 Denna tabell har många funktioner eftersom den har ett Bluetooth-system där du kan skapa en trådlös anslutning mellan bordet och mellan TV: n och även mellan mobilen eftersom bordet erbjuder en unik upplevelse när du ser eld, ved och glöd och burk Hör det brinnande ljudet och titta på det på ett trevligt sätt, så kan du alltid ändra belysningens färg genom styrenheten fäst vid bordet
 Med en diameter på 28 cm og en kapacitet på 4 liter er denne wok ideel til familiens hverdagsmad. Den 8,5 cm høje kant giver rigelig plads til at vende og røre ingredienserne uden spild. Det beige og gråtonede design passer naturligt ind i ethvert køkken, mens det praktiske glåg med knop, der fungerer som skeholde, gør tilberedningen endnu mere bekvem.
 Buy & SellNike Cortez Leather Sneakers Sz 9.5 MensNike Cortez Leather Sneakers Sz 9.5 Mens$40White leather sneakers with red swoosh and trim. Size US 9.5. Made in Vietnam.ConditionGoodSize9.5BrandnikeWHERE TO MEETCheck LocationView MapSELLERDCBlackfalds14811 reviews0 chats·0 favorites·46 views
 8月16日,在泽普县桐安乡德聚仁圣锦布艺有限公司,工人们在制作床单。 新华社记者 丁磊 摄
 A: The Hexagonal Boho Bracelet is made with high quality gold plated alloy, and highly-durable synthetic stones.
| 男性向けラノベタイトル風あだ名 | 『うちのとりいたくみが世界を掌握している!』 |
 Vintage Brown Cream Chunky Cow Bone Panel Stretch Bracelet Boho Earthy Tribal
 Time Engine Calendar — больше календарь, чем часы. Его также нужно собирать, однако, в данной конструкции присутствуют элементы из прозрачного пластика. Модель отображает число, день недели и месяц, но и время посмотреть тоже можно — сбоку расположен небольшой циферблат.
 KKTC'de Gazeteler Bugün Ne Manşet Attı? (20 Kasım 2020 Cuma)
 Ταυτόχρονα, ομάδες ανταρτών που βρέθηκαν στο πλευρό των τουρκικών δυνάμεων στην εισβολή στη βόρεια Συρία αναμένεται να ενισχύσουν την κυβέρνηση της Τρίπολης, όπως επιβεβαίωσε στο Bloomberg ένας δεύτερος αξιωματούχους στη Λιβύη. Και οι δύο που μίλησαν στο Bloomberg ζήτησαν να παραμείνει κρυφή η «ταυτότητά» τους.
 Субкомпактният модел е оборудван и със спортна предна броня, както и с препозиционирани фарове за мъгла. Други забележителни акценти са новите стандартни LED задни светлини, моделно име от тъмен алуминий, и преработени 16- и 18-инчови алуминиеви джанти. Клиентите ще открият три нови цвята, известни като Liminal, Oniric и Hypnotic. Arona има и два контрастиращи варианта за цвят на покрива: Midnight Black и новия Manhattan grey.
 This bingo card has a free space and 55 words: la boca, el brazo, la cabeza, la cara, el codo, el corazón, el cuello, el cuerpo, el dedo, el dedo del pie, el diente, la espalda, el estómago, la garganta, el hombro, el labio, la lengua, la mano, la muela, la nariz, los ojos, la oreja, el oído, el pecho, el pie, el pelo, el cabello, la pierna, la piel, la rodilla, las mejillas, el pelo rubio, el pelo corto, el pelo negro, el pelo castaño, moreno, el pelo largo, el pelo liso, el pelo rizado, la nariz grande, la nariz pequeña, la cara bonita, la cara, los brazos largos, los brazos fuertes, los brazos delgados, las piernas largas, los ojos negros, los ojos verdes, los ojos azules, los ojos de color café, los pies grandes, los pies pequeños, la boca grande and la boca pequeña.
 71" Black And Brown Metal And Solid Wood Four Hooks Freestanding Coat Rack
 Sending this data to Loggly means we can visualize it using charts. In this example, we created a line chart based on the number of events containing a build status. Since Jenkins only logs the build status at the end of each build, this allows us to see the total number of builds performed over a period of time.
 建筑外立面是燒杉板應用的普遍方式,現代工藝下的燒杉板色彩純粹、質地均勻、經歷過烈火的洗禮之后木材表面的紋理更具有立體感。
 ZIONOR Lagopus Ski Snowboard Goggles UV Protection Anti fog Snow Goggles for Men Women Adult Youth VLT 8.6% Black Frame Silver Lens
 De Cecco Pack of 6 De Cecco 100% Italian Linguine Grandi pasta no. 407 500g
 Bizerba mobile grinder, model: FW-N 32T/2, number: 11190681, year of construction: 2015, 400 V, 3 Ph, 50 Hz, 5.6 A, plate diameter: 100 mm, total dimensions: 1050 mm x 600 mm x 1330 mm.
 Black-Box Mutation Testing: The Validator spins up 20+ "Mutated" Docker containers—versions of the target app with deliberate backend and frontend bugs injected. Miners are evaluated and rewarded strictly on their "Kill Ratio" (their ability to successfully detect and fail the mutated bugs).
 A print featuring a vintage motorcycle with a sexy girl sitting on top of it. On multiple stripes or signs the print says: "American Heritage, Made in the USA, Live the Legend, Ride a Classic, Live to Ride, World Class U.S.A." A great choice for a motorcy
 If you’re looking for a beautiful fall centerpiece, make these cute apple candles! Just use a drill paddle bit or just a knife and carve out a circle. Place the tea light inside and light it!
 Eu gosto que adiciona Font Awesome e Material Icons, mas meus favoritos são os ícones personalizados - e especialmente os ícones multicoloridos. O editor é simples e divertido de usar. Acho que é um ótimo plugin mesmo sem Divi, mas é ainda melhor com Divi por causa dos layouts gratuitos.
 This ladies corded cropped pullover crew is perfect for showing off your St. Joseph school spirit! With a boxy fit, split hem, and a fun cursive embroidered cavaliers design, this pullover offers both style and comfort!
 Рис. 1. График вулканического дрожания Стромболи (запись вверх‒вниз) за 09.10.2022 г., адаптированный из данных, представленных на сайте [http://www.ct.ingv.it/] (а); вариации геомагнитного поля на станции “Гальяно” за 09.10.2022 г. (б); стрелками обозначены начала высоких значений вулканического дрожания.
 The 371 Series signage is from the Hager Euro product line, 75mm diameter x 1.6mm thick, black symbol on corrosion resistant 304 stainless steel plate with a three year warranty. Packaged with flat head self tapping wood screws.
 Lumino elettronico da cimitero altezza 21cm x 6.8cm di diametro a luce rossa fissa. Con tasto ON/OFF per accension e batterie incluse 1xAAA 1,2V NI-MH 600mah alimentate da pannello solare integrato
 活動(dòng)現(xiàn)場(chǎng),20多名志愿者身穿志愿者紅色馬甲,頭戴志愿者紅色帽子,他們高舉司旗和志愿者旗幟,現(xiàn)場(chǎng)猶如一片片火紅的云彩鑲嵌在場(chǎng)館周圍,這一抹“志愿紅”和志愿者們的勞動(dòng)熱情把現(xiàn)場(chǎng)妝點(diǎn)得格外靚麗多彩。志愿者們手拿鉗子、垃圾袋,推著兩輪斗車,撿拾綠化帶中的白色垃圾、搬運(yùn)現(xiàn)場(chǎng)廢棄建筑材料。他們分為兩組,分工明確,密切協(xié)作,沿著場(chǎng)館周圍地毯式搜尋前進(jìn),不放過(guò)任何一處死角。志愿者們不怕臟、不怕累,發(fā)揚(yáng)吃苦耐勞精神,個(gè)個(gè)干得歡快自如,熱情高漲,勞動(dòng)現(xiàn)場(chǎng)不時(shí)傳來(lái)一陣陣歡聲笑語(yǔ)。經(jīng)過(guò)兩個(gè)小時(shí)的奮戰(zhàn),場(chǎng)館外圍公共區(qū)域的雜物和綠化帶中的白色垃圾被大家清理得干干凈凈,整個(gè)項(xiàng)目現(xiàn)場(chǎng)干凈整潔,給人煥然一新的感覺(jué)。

▶ TASK DETAILS:
Search the entries for the word "Boho". Copy each line where it appears.

▶ EXPECTED ANSWER:
 A: The Hexagonal Boho Bracelet is made with high quality gold plated alloy, and highly-durable synthetic stones.
 Vintage Brown Cream Chunky Cow Bone Panel Stretch Bracelet Boho Earthy Tribal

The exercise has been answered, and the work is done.